(Material provided Opens)

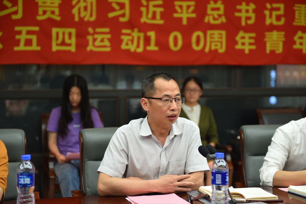 团委副书记郑淑真表示从事共青团和青年工作是一份光荣,一种幸福,并表态在未来的工作中,要认真履行好职责,发扬伟大的五四精神,努力将更多团员青年培育成党所期望、人民所期待的时代新人;辅导员王华、刘长青分别结合太阳成集团tyc7111cc厚重历史和日常工作实际,殷切寄语青年学生,树立远大理想信念、苦练专业本领、锤炼高尚品格,做好合格的社会主义建设者和可靠接班人。辅导员林轶凡则表示要关心和关怀学生,遵循青年发展规律,了解学生所思、所忧、所盼,倾听学生心声,坚持关心厚爱和严格要求相结合,既要做好学生的引路人,也要做学生可以讲真话、交真心、诉真情的知心朋友。
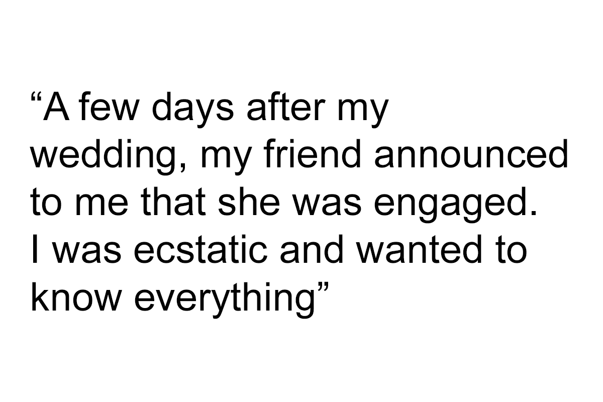 One such story comes from an upset bride whose friend “not only got engaged at my wedding but instead of hiding it and announcing it later, she announced it to our friends during the party.” In the author’s friend’s mind, “it’s no longer the day I got married, it’s now also the day she got engaged,” the bride wrote.
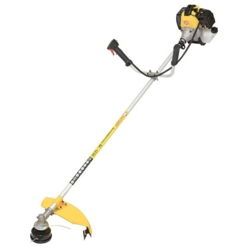 тип триммера: переносной мощность ДВС 2 л.с. двухтактный двигатель емкость топливного бака 1.2 л ширина скашивания 44 см режущий элемент триммера: леска и нож, леска 2.40 мм конструкция штанги: прямая форма рукояти: Т-образная (велосипедная) плечевой ремень наличие колес: нет вес 8 кг
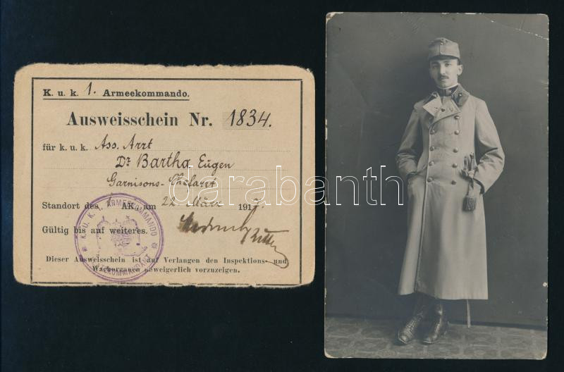 https://www.darabanth.com/en/514-Auction-philately-postcards-numismatics-artwork-books-colletibles-jewelry/515.0/Art-and-other-collectibles/Military~78/cca-1910-Bartha-Jeno-katonai-orvos-fotolap-es-igazolvany-reszlet~II3407389

(Material provided Closes)

● What to work on:
Every last line above must be reproduced as written, and no pictures belong in the copy.

● Exercise solution:
 团委副书记郑淑真表示从事共青团和青年工作是一份光荣,一种幸福,并表态在未来的工作中,要认真履行好职责,发扬伟大的五四精神,努力将更多团员青年培育成党所期望、人民所期待的时代新人;辅导员王华、刘长青分别结合太阳成集团tyc7111cc厚重历史和日常工作实际,殷切寄语青年学生,树立远大理想信念、苦练专业本领、锤炼高尚品格,做好合格的社会主义建设者和可靠接班人。辅导员林轶凡则表示要关心和关怀学生,遵循青年发展规律,了解学生所思、所忧、所盼,倾听学生心声,坚持关心厚爱和严格要求相结合,既要做好学生的引路人,也要做学生可以讲真话、交真心、诉真情的知心朋友。
 One such story comes from an upset bride whose friend “not only got engaged at my wedding but instead of hiding it and announcing it later, she announced it to our friends during the party.” In the author’s friend’s mind, “it’s no longer the day I got married, it’s now also the day she got engaged,” the bride wrote.
 тип триммера: переносной мощность ДВС 2 л.с. двухтактный двигатель емкость топливного бака 1.2 л ширина скашивания 44 см режущий элемент триммера: леска и нож, леска 2.40 мм конструкция штанги: прямая форма рукояти: Т-образная (велосипедная) плечевой ремень наличие колес: нет вес 8 кг
 https://www.darabanth.com/en/514-Auction-philately-postcards-numismatics-artwork-books-colletibles-jewelry/515.0/Art-and-other-collectibles/Military~78/cca-1910-Bartha-Jeno-katonai-orvos-fotolap-es-igazolvany-reszlet~II3407389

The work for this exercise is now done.